# New in Tampa from Canada, Journeyman License?



## MechanicalDVR (Dec 29, 2007)

Many states are pretty rough with things like that. Hate to be a downer but I would have looked into that before I moved.


----------



## MikeFL (Apr 16, 2016)

SparkyCanada said:


> Hi there! I'm new around in tampa, i'm Industrial Electrician since 2008 with license from Quebec, All my experience has been in marine electrical maintenance field. I wonder if i can use my experience and license(as inside wireman) from Canada to pass any test for journeyman license? i know first i have to pass some course for NEC, but all those years would'nt be lost!
> 
> Your advise will be appreciated, Thanks a lot!:thumbsup:


Welcome Sparky to the forum, to the USA and to Florida!

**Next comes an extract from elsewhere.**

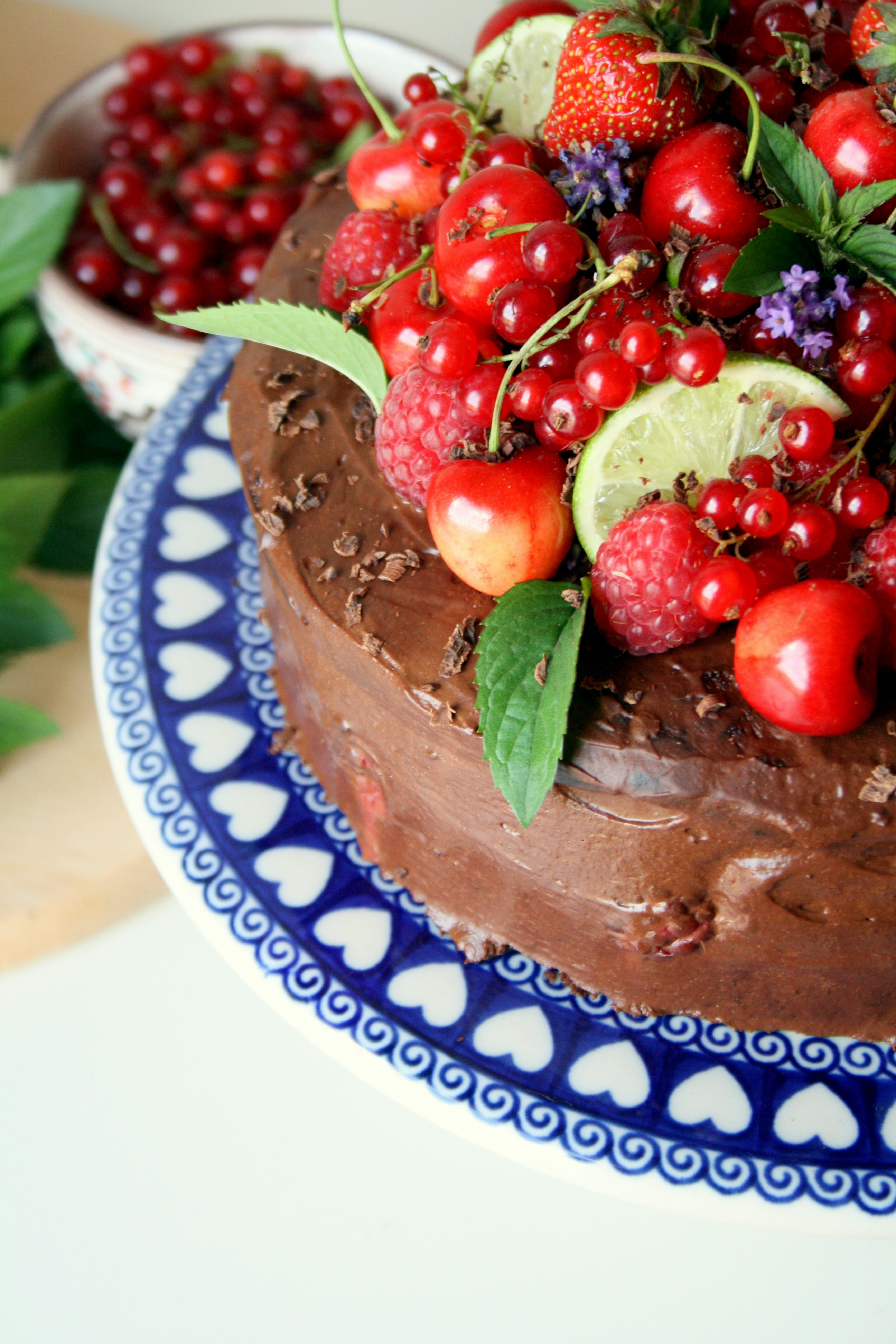 Podwójnie czekoladowy tort z letnimi owocami. Wegański

You can use that experience towards sitting for a EC (electrical contractor's) license. We don't have journeymen's licensing but there are union shops (very rare in Florida) that use that process. Whether they will accept that is not anything I can answer, but a call to them should be able to figure it out.


----------



## Southeast Power (Jan 18, 2009)

SparkyCanada said:


> Hi there! I'm new around in tampa, i'm Industrial Electrician since 2008 with license from Quebec, All my experience has been in marine electrical maintenance field. I wonder if i can use my experience and license(as inside wireman) from Canada to pass any test for journeyman license? i know first i have to pass some course for NEC, but all those years would'nt be lost!
> 
> Your advise will be appreciated, Thanks a lot!:thumbsup:


You don't have to have any kind of license in Florida but you always have to either be a contractor or work for one as a W2 employee.
This means they just pay you whatever they want.
If you can get a license, you have a little to work with.
FWIW, Marine work pays better than non-Union residential and light commercial work.


----------



## markopolo (Aug 17, 2016)

I can see why you left la belle pronvince...
I did too, enjoy your vacation


----------